### TASK REQUIREMENTS:
Among the lines below, output only those between the line holding "We ordered the" and the line holding "Have a designated", inclusive, exactly as written and with no pictures.

### SOURCE MATERIAL:
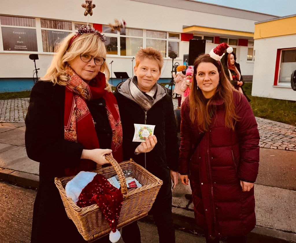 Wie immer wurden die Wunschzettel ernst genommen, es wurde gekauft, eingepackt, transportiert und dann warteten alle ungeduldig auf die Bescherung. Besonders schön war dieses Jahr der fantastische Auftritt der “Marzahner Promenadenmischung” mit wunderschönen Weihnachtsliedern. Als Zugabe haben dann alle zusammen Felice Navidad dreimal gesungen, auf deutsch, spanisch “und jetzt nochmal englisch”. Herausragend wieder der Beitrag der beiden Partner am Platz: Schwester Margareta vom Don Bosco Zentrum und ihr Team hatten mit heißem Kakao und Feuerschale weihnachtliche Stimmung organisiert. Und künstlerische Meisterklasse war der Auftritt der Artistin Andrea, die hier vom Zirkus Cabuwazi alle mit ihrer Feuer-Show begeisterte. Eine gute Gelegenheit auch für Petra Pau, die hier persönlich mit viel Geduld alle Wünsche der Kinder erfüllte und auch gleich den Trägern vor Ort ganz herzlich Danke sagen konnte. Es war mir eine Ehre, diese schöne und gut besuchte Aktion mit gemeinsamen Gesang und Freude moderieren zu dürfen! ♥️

---

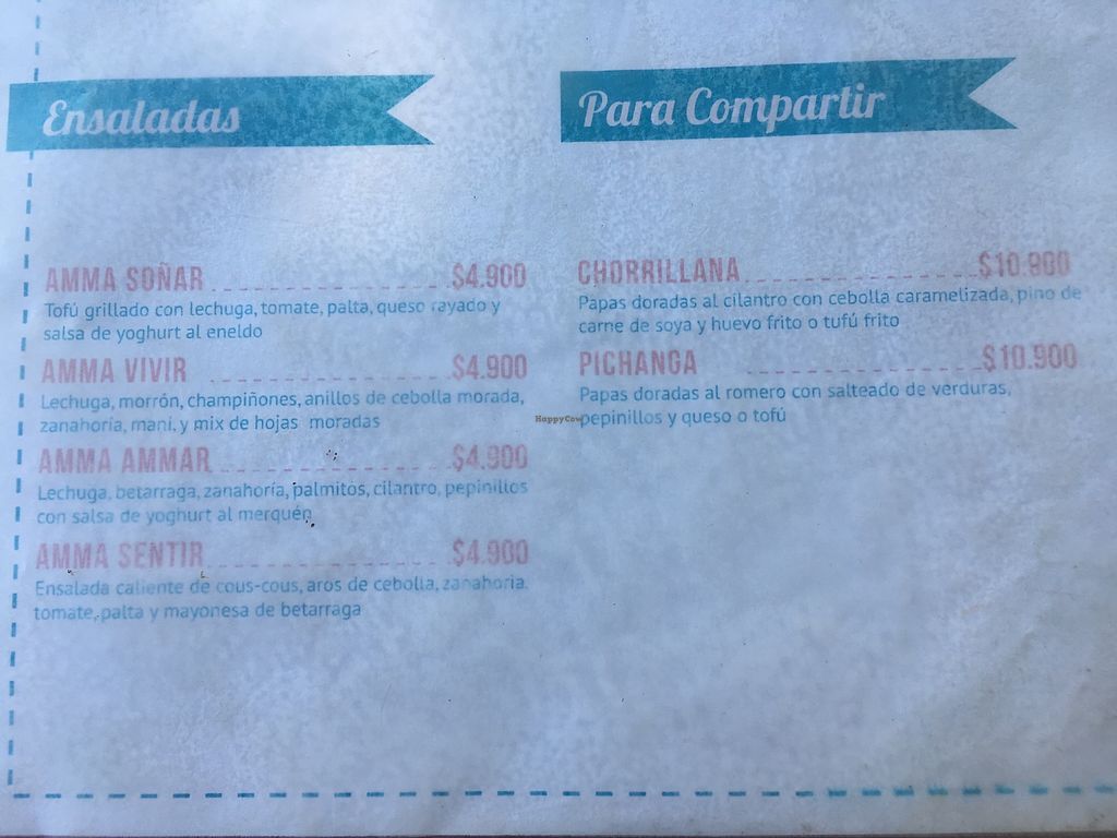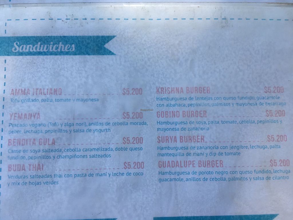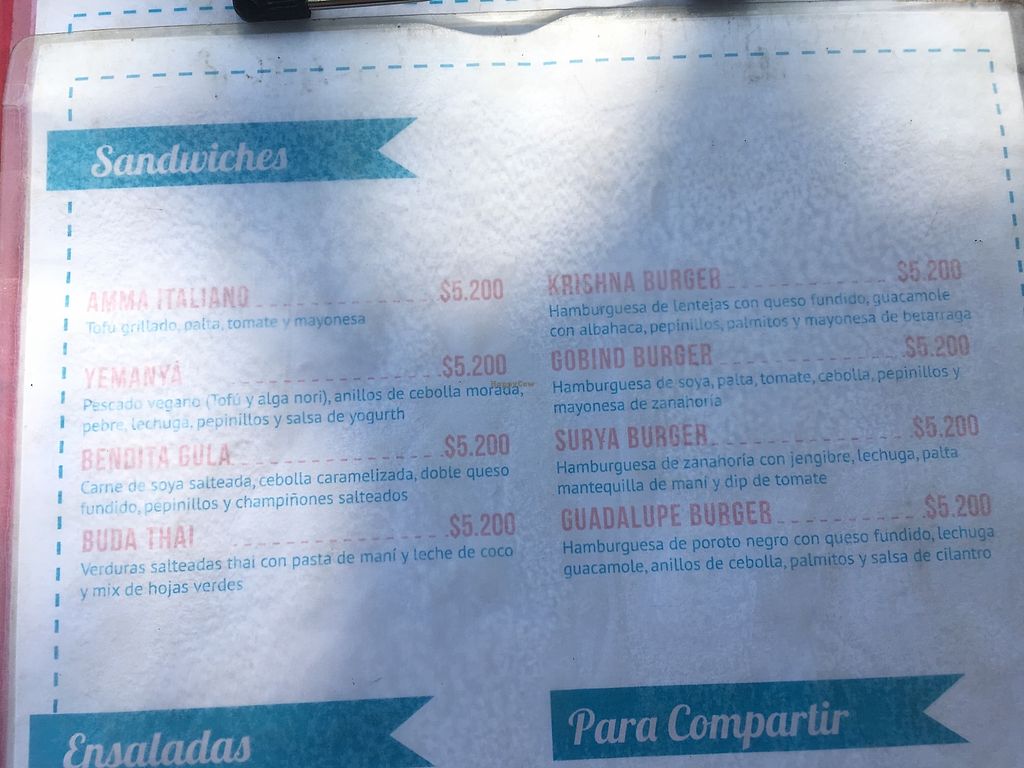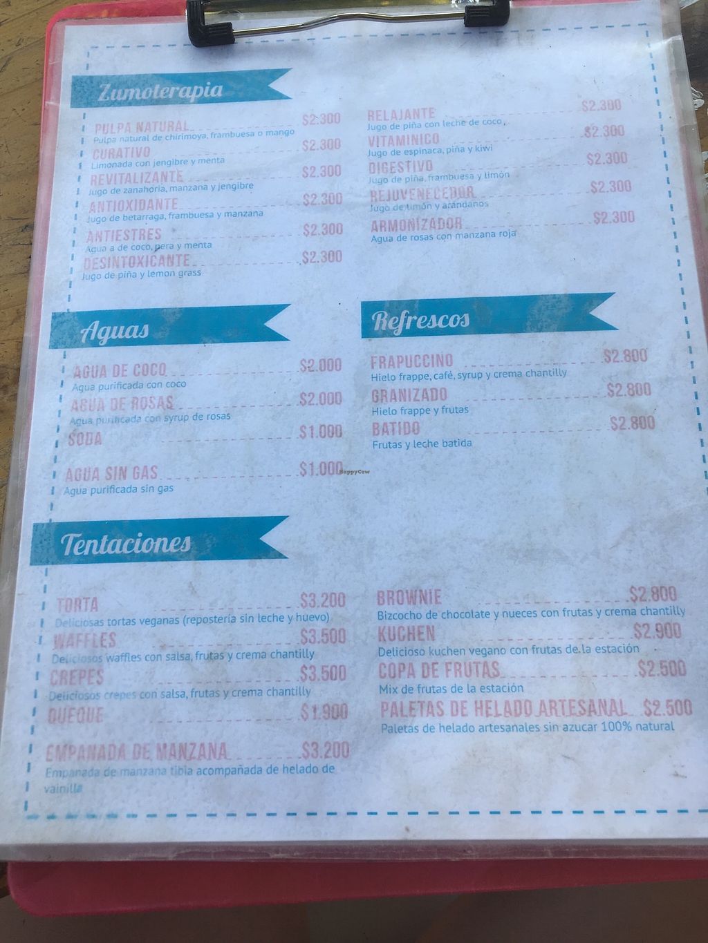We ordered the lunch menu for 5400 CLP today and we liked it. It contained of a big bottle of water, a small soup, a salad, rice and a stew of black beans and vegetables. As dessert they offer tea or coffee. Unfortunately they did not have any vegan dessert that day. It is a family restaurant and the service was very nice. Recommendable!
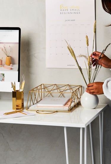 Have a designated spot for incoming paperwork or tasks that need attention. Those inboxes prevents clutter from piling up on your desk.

...

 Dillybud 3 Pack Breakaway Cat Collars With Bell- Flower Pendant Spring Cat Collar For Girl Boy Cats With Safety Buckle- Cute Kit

### WRITTEN ANSWER:
We ordered the lunch menu for 5400 CLP today and we liked it. It contained of a big bottle of water, a small soup, a salad, rice and a stew of black beans and vegetables. As dessert they offer tea or coffee. Unfortunately they did not have any vegan dessert that day. It is a family restaurant and the service was very nice. Recommendable!
 Have a designated spot for incoming paperwork or tasks that need attention. Those inboxes prevents clutter from piling up on your desk.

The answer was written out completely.